Education Leaders Look For New Ways To Prevent DropoutsBy Jeffrey Hess | Published 13 Nov 2012 05:33pm |
Mississippi's dropout rate is ten points higher than the national average with four out of ten students failing to graduate with a high school diploma. As MPB's Jeffrey Hess reports education leaders in the state are trying to craft new approaches to get more students to graduate.
The dropout rate in the Columbus School district is 28-percent....Lower than the state average and on par with the national average but still too high for second year superintendent Martha Liddell.
Liddell is implementing a host of new programs at her district, targeting each drop out and crafting more flexible education plans to get them to graduation.
"Because many times when you have dropped out of school, you are not going back to that bricks and mortar building. You had something go on in your life that you do not want to go back to that high school. So we have put in an innovative approach where you can still get your high school diploma, but you can get it at a community center. You can get it at the Boys and Girls club. You can get it at your local church that has a center set up," Liddell said.
Liddell spoke to a group of education leaders at a dropout prevention summit in Jackson yesterday hosted by MPB.
For 16-year old Hilliard Jones, who attends Murrah High School in Jackson, the school atmosphere and pressure from peers is a big reason he has seen other students drop out.

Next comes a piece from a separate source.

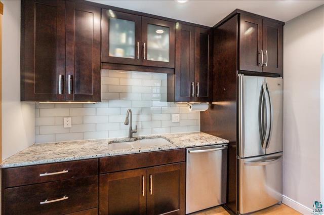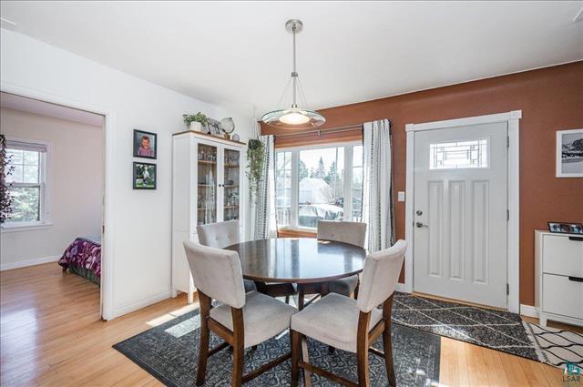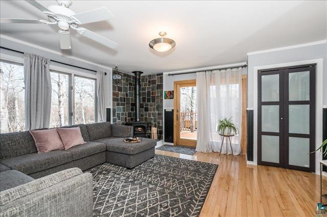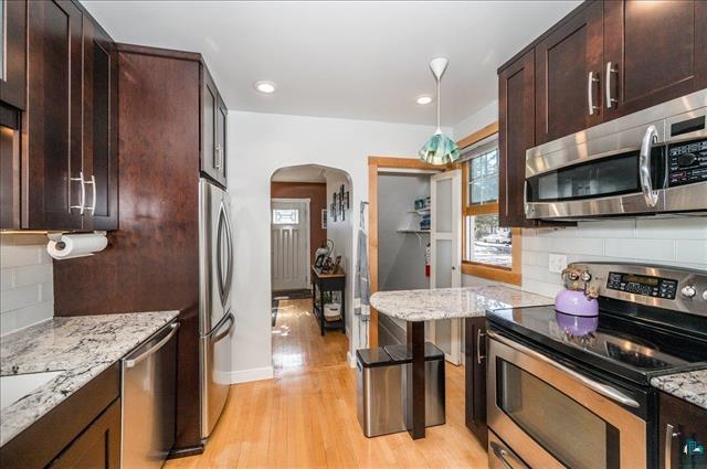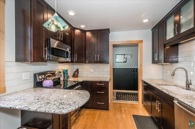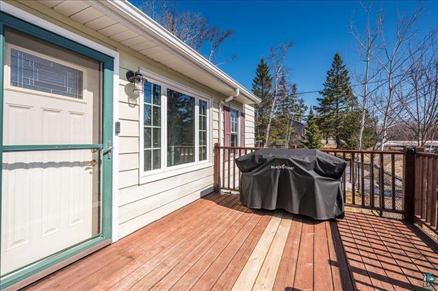 Feel like living in the woods while being in the heart of the City? This beautiful house sits on a double lot (1/2 acre) with State Land behind it. You’ll enjoy the wooded privacy as you sit in your living room that has big windows, a fireplace and hardwood floors. Kitchen has granite countertops, glass subway tiles and a breakfast bar. Formal dining with maple floors and coved ceiling. Two main floor bedrooms and a beautiful main floor bath with marble tile – it’s so fancy with even a heated toilet and bidet! Upstairs is a 3rd bedroom and another room to use as a den, office or playroom. Basement has a family room, sauna, laundry and lots of storage. One car garage and ample off-street parking. Deck, huge shed and partially fenced yard. Minutes to mall area yet you can enjoy hiking, X country skiing or just playing in the woods and near the pond right behind you.

"If you feel unsafe in school and as if there is no one to help you, What option do you see other than to just leave so you can be through with this situation so you can be happy amongst yourself?" Jones said.
Trecina Green with the Mississippi Department of Education says schools should be encouraged and supported to test pilot dropout prevention programs.
"We will be requesting some funds during this upcoming legislative session. Asking for dollars that our school districts will be able to apply for so that they will be able to help kids remain in school," Green said.
Green says one possible program more schools could adopt is allowing students to repeat subject areas where they are weak rather than repeating an entire grade.